In deze zaak heeft het Gerechtshof 's-Hertogenbosch op 9 november 2023 uitspraak gedaan in hoger beroep over de opheffing van het bewind dat was ingesteld over de goederen van de rechthebbende. De rechthebbende had in eerste aanleg verzocht om opheffing van het bewind, dat was ingesteld door de kantonrechter in de rechtbank Zeeland-West-Brabant op 10 november 2016, vanwege een problematische schuldensituatie. De kantonrechter had het verzoek tot opheffing afgewezen, maar de rechthebbende ging in hoger beroep.
Tijdens de mondelinge behandeling op 3 oktober 2023 heeft de rechthebbende, bijgestaan door haar advocaat mr.
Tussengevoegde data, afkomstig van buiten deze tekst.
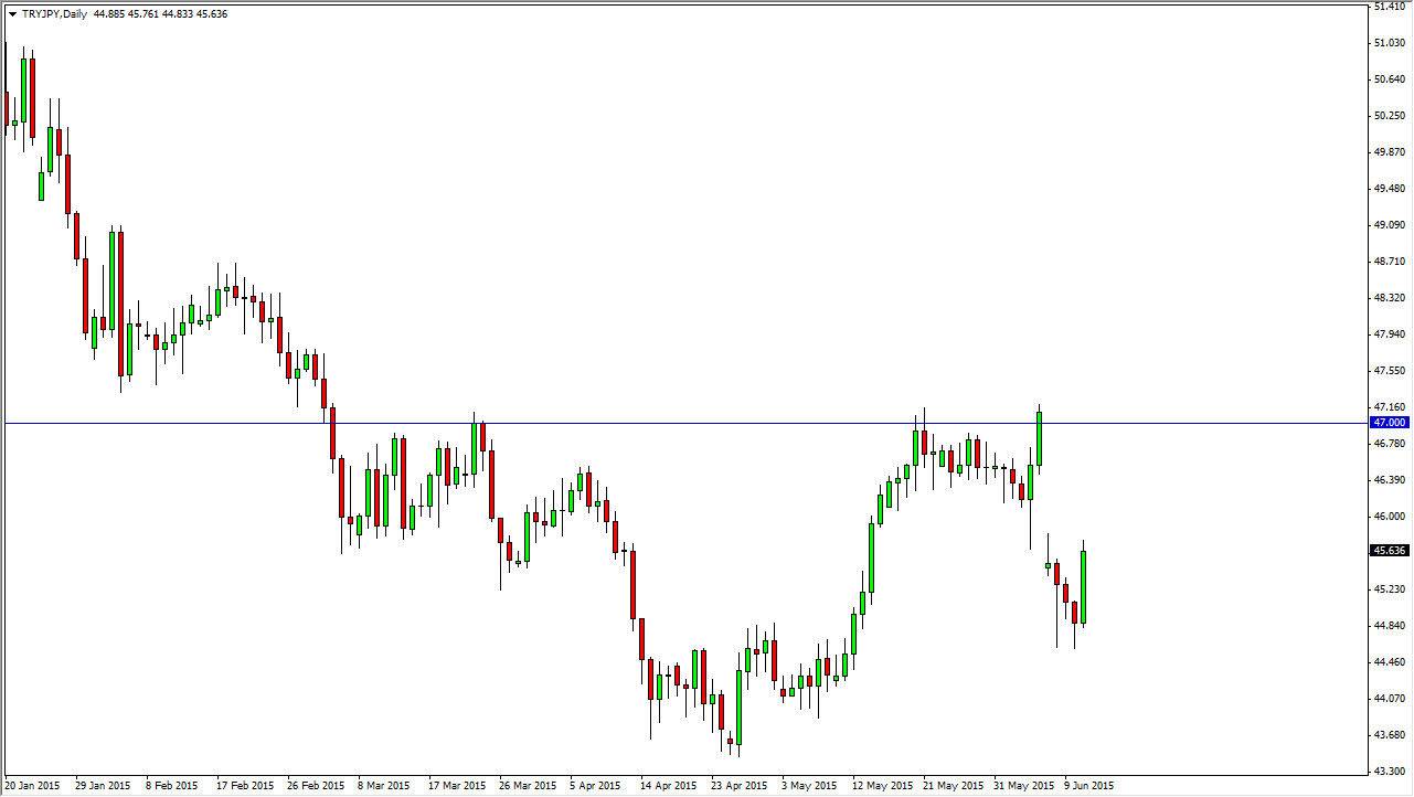 With that being said, you have to keep in mind that the swap at the end of the day is very positive if you own the Turkish lira, as the Japanese yen pays almost nothing. Ultimately, this market should go higher, but you will have to be able to simply deal with the volatility and hang onto the trade. It’s almost a situation where you have to “hold your nose”, and deal with the smell. After all, a lot of what’s driving this market will be politics, which of course is always back and forth anyway. Regardless, I expect to see 47 soon.
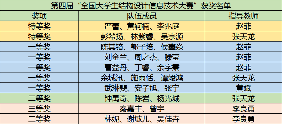 2022年5月10日,第四届“全国大学生结构设计信息技术大赛”获奖名单公布,由sjb世俱杯官方网站BIM协会选拔的10支队伍参赛并全部获奖,获奖率为100%!其中荣获特等奖2支队伍,一等奖5支队伍,二等奖1支队伍,三等奖2支队伍。可喜可贺的是,由赵菲老师指导的“sjb世俱杯官方网站(严蕾、黄轲楠、李兆庭)”团队以95.25的高分获得全国特等奖第一名!除此之外,赵菲老师和张天龙老师获优秀指导教师奖。
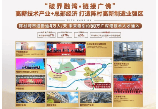 陈村自2019年起被评为全国千强镇,作为顺德“北大门”,地处珠江三角洲腹地和广佛都市圈核心区域,同时位于三龙湾板块的“绿芯”,是粤港澳大湾区的“产城融合示范区”,政策支持力度大,产业发展迅猛,吸引了大量高新技术企业和高端人才入驻,为区域房产价值提升提供了有力支撑。
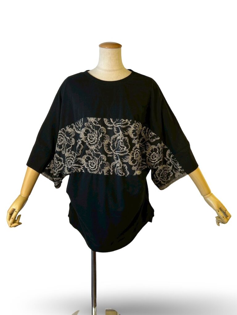 前に大きめに花柄のトップス。これ、袖口が広いので涼しいですよ〜
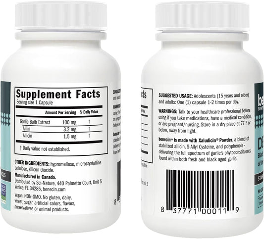 Benecin Defense 1500 mcg Stabilized Allicin Capsules with SAC & Polyphenols for Immune & Heart Support - 180 Vegetarian Caps

M.J.F. Zoeteweij, haar standpunt toegelicht. De rechthebbende stelde dat de noodzaak voor het bewind niet langer bestond, omdat zij geen schulden meer had en haar situatie was verbeterd. Ze had hulp gezocht en gekregen, onder andere door EMDR-therapie en ondersteuning van maatschappelijk werk. De bewindvoerder was niet verschenen op de zitting en had geen verweerschrift ingediend, waardoor de stellingen van de rechthebbende niet werden weersproken.
Het hof heeft op basis van de overgelegde stukken en de mondelinge behandeling geoordeeld dat de noodzaak voor het bewind niet meer bestaat. De rechthebbende heeft positieve stappen gezet in haar leven en is gemotiveerd om haar situatie verder te verbeteren. Het hof heeft daarom de beschikking van de rechtbank vernietigd en het bewind opgeheven, met ingang van 1 december 2023. Tevens is bepaald dat de bewindvoerder binnen twee maanden na de opheffing de eindrekening en -verantwoording moet afleggen aan de rechthebbende.